Hey Jean, I think it will be one to two weeks earlier this year. My buddy has already found Gyromitra and Devil's Urn this week. There are tiny morels up already in the Red River valley of Oklahoma. We may be able to pick morels by the 26th of March. I really don't expect them as soon as the 19th, when the first foray is scheduled. I hope you come down for the foray.


----------



## jean marie (Mar 17, 2015)

Well I'm waiting on Jay to let us know whether the first will be 3/19, 3/26, or 4/2. I will certainly attend whichever date he decides. Thank you for your response.


----------



## arkanshrooms (Mar 17, 2015)

Cool, I'm sure I'll see you at the foray.
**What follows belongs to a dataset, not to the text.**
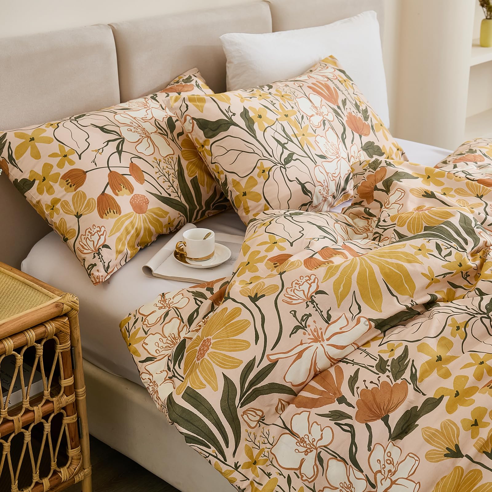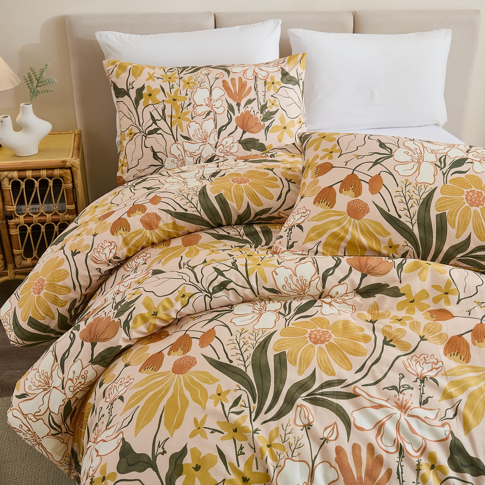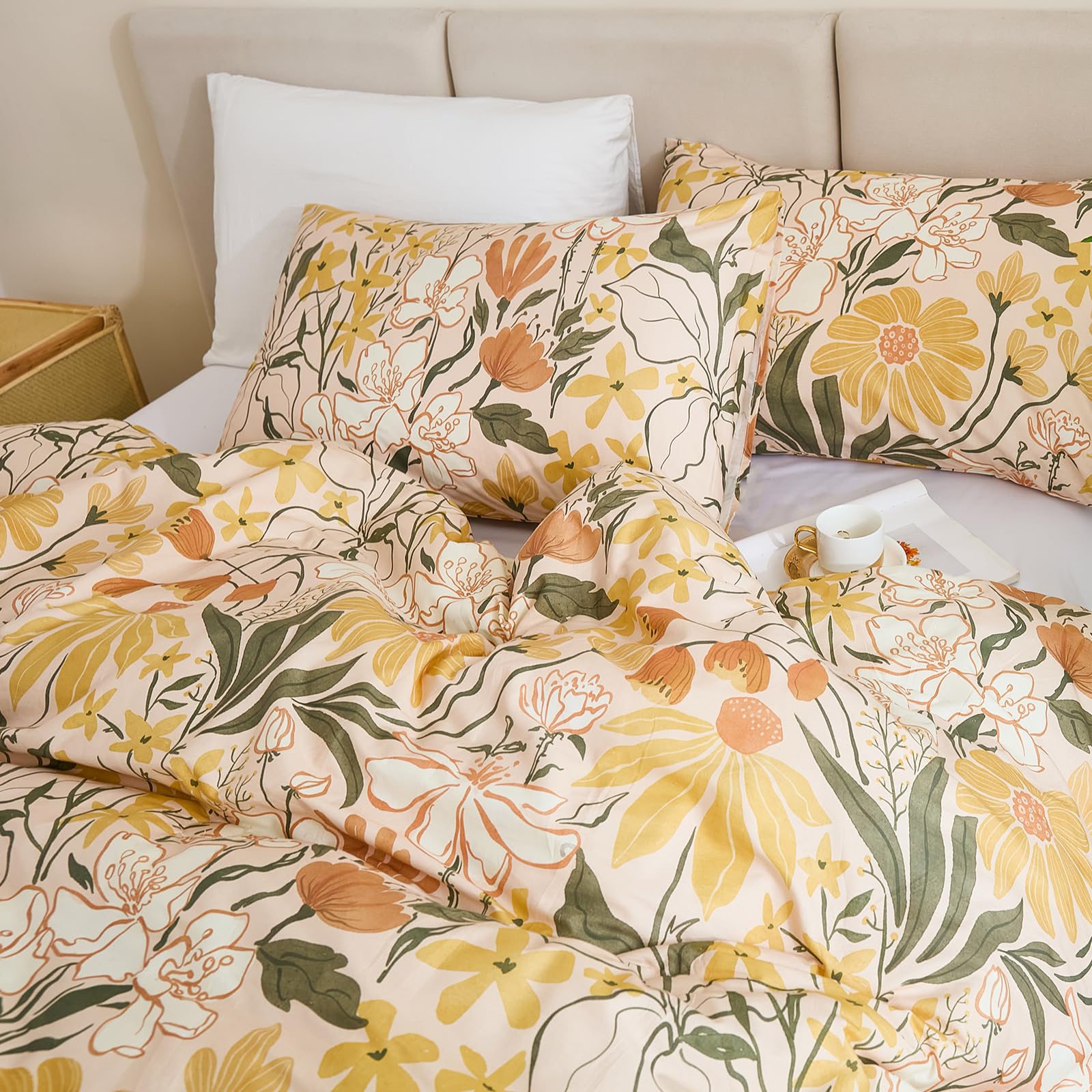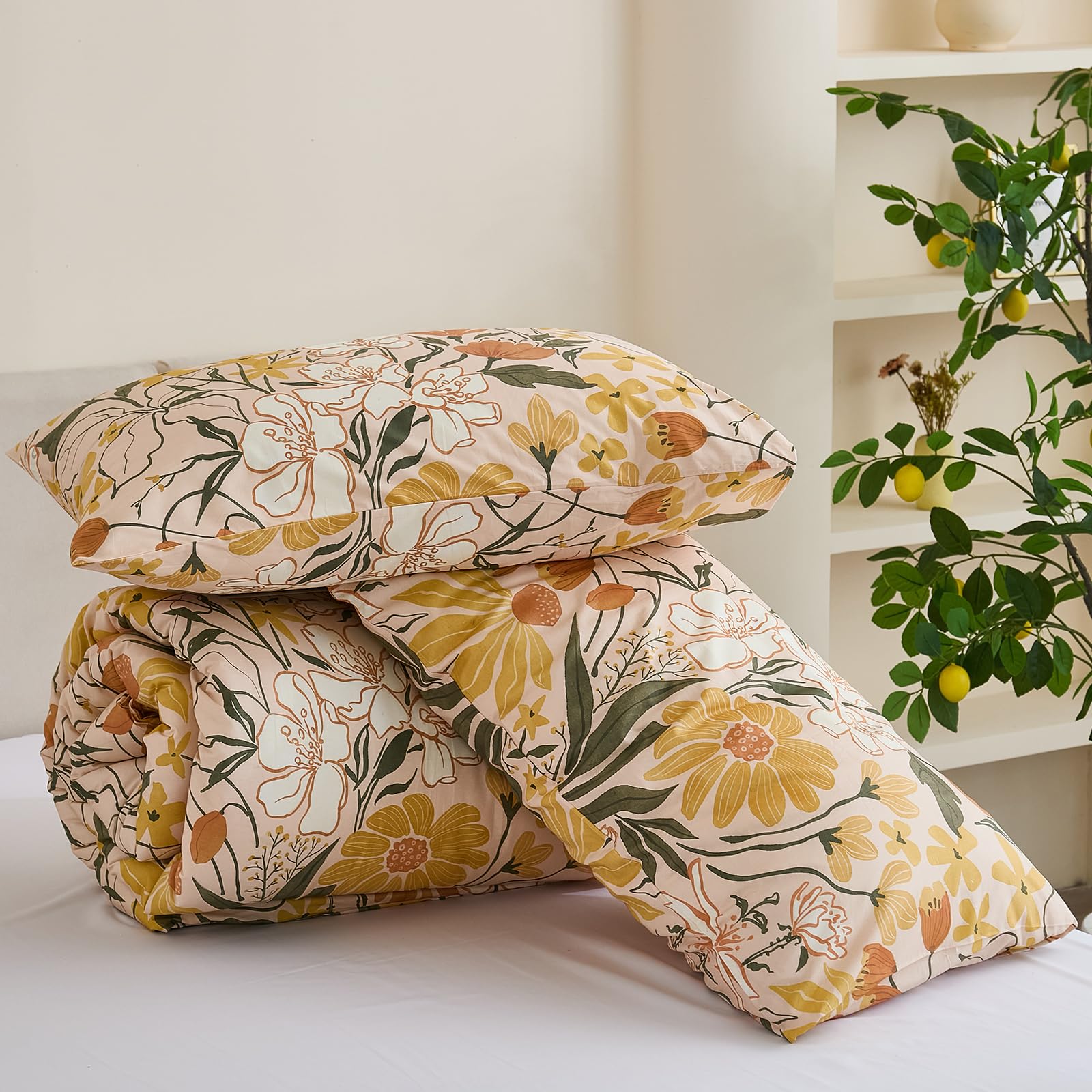 Bring the freshness of a cottage garden into your bedroom with this 100% cotton comforter set, featuring cheerful yellow flowers and green leaves on a soft background. Designed for year-round comfort, the lightweight polyester filling and breathable cotton create a cozy yet airy sleep space perfect for country-inspired decor.

With all this rain, I bet we get good mushrooms soon.


----------



## jean marie (Mar 17, 2015)

I'm hopeful lol
See you there


----------



## jean marie (Mar 17, 2015)

Well no foray this weekend, just in case you haven't heard.


----------



## arkanshrooms (Mar 17, 2015)

I heard. We found a good amount of early Black Morels under Wild Cherry trees yesterday and one lonely Yellow!


----------



## jean marie (Mar 17, 2015)

Wild cherry?? Wow.....I guess I just need to look everywhere! What county did you find them in? Just wondering how close to Marion County? I found some gyromitra and devils urn yesterday. I got excited finding them lol, just knowing it's getting close.


----------



## keshma (Jun 9, 2016)

yay and great


----------